Он сложил перепечатанные страницы дневника, отксерокопированные стихи, все документы в Левушкину школьную папку и пошел в издательство.
__________Славик уже подходил к метро, как вдруг увидел на противоположной стороне улицы жену. Сонечка шла в обратную от дома сторону. Она не спешила, никакой хозяйственной сумки, свидетельствующей, что она идет в магазин или из магазина, в руках у нее не было. Она просто шла. Судя по всему, из недавно построенного роскошного торгового центра – к небольшому садику, чудом уцелевшему среди уплотнительной застройки.
Это явление гуляющей самой по себе жены вдруг поразило Славика. Он свернул от метро и двинулся за ней следом.
Славик давно уже заметил, что утром Сонечка куда-то уходит. «По хозяйству», – решил он для себя и забыл об этом. Теперь он попробовал вспомнить, когда эти утренние пропадания начались, и понял, что года четыре назад минимум. Но что, кроме одиночества, могло заставить старого уже человека уходить из дому и вот так бродить по улицам?

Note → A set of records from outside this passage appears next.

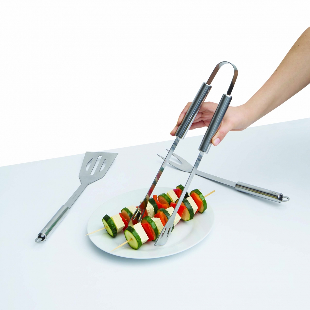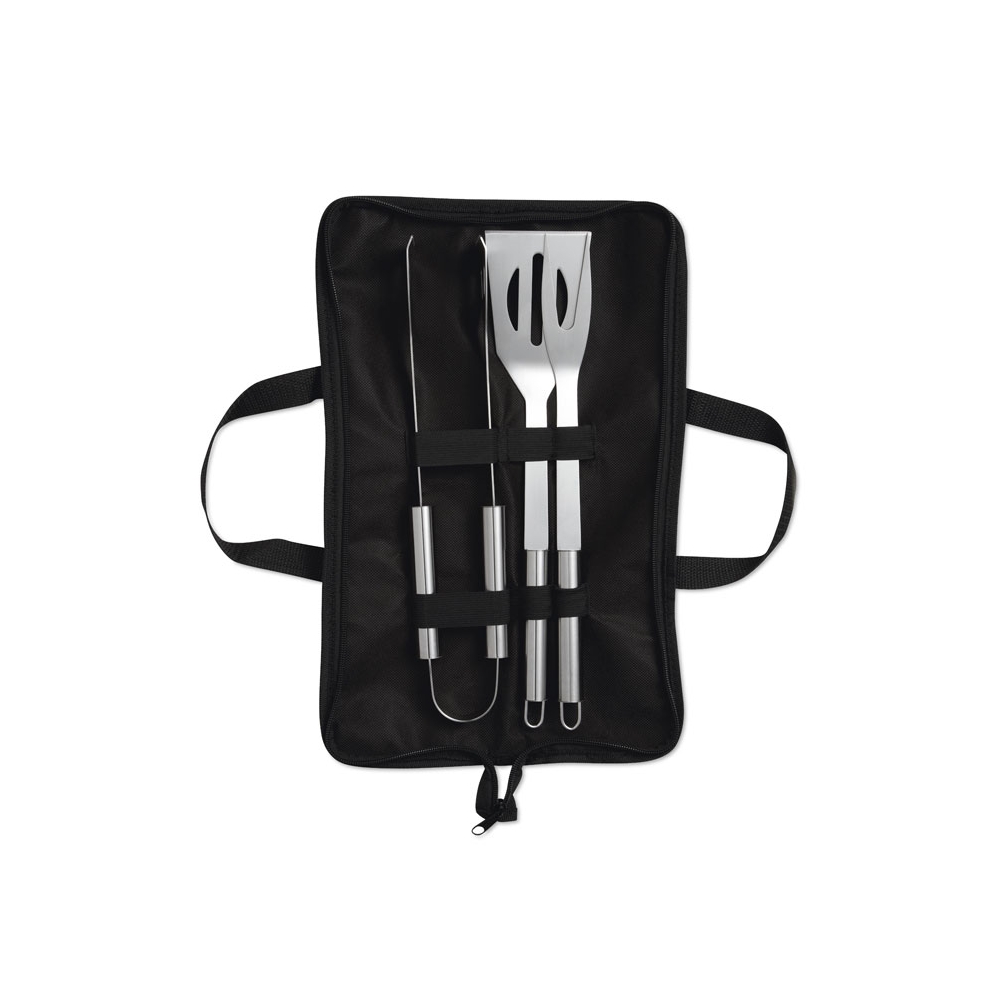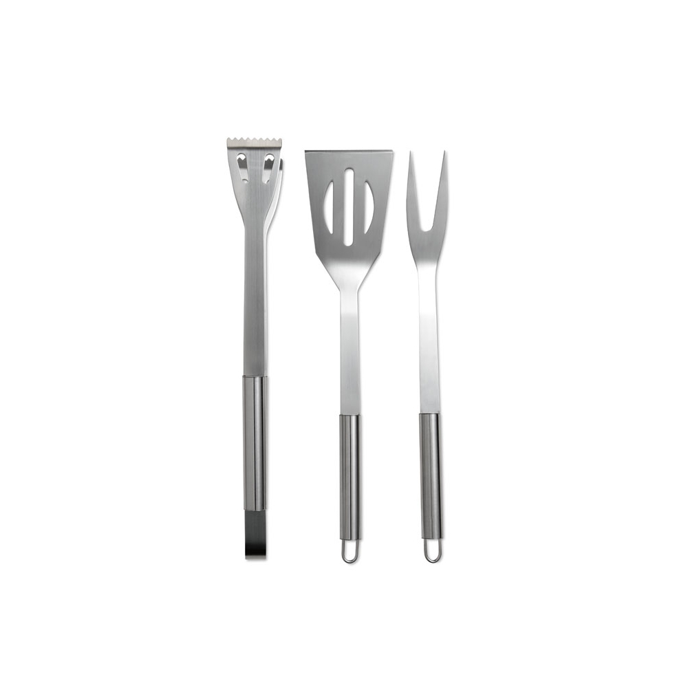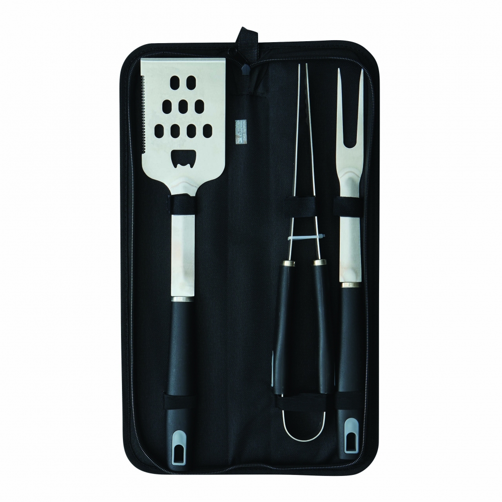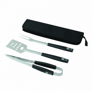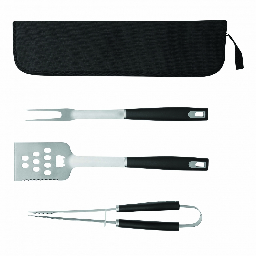 Artikel-Nr: PST93998-103Grill - Set aus Edelstahl 3-teilig bestehend aus einer Grillzange, einer Grillgabel und einem Pfannenwender. Geliefert in einer Tasche aus Non Woven. Tasche: 405 x 120 x 25 mm
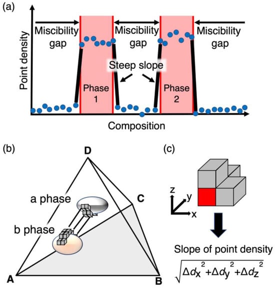 To address this issue, we introduce point density in the compositional space. The tetrahedral compositional space among Cr–Mn–Fe–Co/Ni, Figure 4b, is divided into elemental cubes, with an edge the length of which is one hundredth of an edge of the whole tetrahedral compositional space, and the number of measured compositional points per elemental cube is defined as the point density. As shown Figure 4a, point densities within compositional ranges of existing phases are expected to be higher than those in the miscibility gaps, since measured points are located in miscibility gaps only in cases where the electron probe happens to be located on the phase boundaries. Therefore, the absolute value of the slope of point density is thought to be maximal at the phase boundaries. Thus, the phase boundary surfaces can be represented by the maximal slope of point density.
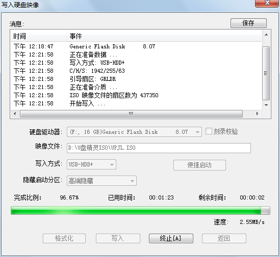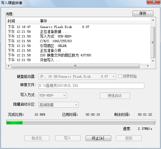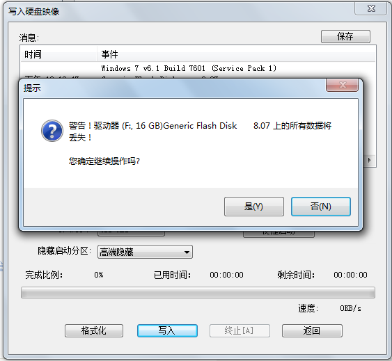 因為用ISO模式制作U盤啟動盤也會格式化全盤,所以在制作前同樣需要注意U盤上的數據安全。點擊“是(Y)”即可開始制作,如下圖:
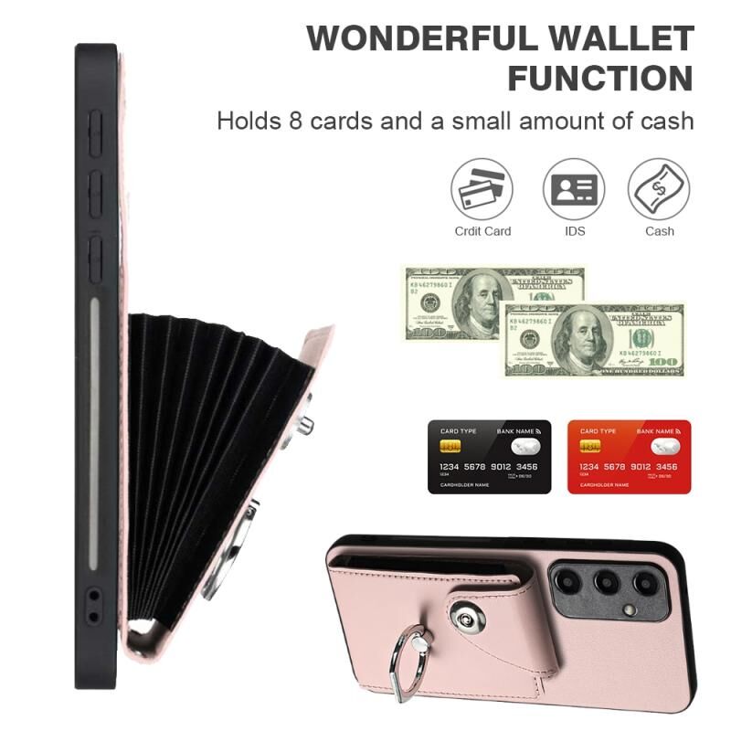 Για Samsung Galaxy A35 Οργανική κάρτα τσάντα τσάντα δαχτυλίδι κάτοχος PU υπόθεση τηλεφώνου με κορδόνι (ροζ)

Славик увидел, как Сонечка остановилась на перекрестке, пропуская машины, а того шофера, который притормозил, пропуская ее, поблагодарила улыбкой и наклоном головы. Славику показалось, что когда-то давно он видел уже и такой наклон, и такую улыбку. Но не в жизни, а, может быть, в кино… И вдруг ему вспомнился старый черно-белый фильм. Он назывался «Дорога». Да-да. И фамилия актрисы вспомнилась – Мазина! Вот на кого была похожа его Сонечка – на маленькую, беззащитную, трогательную героиню того фильма. А он не сумел ни заметить, ни понять, ни оценить этого…
Он вспомнил, как недавно, возвращаясь из библиотеки, увидел Сонечку. Точнее, ее голову, смешно торчащую в окне. Он знал за женой такую привычку: садиться перед окном, как перед экраном телевизора, смотреть во двор, и шепотом, с удивлением или восторгом, комментировать увиденное.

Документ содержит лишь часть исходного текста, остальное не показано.